Of course, finding matches for shorter substrings is easy, for sufficiently short length. Obviously, matches for substrings of length 1 and 2 are trivial to find, and by searching larger volumes of text, one finds matches of length 3, 4 and so on.
Work has been done in the past on trying to find exact matches for the TSC in a handful of major literary works, including the King James Bible. After an initial, failing search through digital copies of 40 books and 18 collections of poetry, I conducted a rather massive search which is as follows:
Project Gutenberg creates digital transcriptions of literary works. For my search of TSC matches, I downloaded by torrent the April 2010 collection of 29,500 books. Of these, 22,353 books are in text format. I preprocessed these to create an index of their initialisms, which amounts to 1.3 billion words of original text. I searched this for the longest matches that exist for TSC substrings, to arrive at these results:
R1) There is no exact match for the entire TSC, or any of its individual lines.
R2) The longest matches are of length 8, and there were twelve of these. It is apparent that these are entirely coincidental for the following reasons:
a) Many of them contradict one another, by matching the exact same subsequence of TSC.
b) They each begin in the middle of a sentence, and continue on into the middle of the next sentence.

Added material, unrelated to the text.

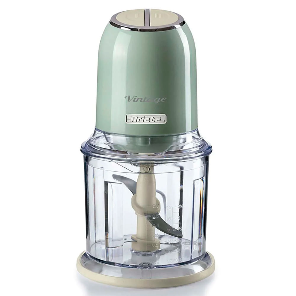 A Linha Vintage da Ariete é enriquecida com um produto indispensável para suas receitas na cozinha: um triturador com linhas retrô e suaves tons pastéis, perfeito para trazer um toque de estilo e funcionalidade à sua cozinha. Graças aos seus 250 Watts de potência e 4 lâminas de aço inoxidável, o Vintage Chopper permite picar qualquer ingrediente para as suas receitas: desde vegetais a carnes, queijo, pão, frutos secos e até gelo. As 2 velocidades, que podem ser acionadas com os dois botões na parte superior do picador, permitem picar finamente os alimentos, enquanto os pés antiderrapantes garantem a máxima aderência do produto à bancada.
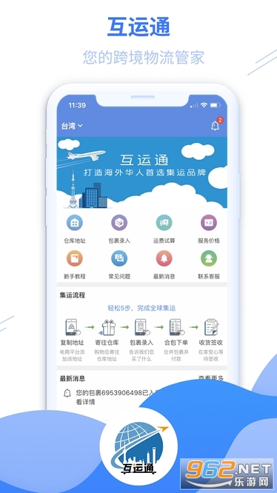 互运通是一款海外集运物流App,用户使用App提供的唯一标识将商品寄往App内的仓库地址.仓库确认收到商品后,可通过App预报商品、选择发货路线、合包下单、计算运价、支付运费、物流跟踪等操作,便捷的管理自己的跨境物流订单。

c) We would expect, from the aforementioned formula, to find about ten matches of length L=8 and one match of length L=9 by sheer coincidence.

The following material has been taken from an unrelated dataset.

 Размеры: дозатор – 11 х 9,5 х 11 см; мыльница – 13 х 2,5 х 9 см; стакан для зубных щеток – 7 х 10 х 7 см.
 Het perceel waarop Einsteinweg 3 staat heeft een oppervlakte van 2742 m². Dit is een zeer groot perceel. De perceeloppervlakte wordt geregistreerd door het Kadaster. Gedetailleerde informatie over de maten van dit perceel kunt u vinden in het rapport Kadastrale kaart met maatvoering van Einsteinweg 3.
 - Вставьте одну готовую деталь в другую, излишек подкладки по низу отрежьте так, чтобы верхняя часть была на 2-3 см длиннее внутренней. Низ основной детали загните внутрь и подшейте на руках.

d) One of the matches is from 1963, many years after TSC was written down.
The matches were from nine works of literature, and one work each from science, economics, and reference. The matches are posted separately here.
In a nutshell, the Project Gutenberg corpus does not contain a match, and this should set the tone for any future searches. The works in this corpus are not only large in number but particularly central in literary importance. It is hard to characterize "literary importance" formally, but the reach of this corpus is impressive. When one thinks of authors predating 1950 who are likely to be taught in university literature courses, the number of works this corpus has is vast, although not comprehensive. For many famous works, it includes more than one edition. There are also translations of English works into other languages (although, recall, TSC is almost certainly an initialism of English text) and translations of literature in other languages into English.
Until a match is found, we can never prove that there is no match. Whatever corpus of n books we search, it's always possible that the exact match will be found in book n+1. It remains possible that TSC matches a book, poem, newspaper article, or other text not in this Gutenberg Corpus, but a lack of matches in 22 thousand books certainly suggests that searching any additional one – or one hundred – books chosen arbitrarily will yield a very low probability of finding a full, exact TSC match.
In an upcoming post, I'll discuss possibility (P2), and how to use a large corpus (now that we have one) as a resource for trying to decode the TSC. We can perhaps find information about the words or genre that are encoded within it. And that will also open up paths to searching for exact matches.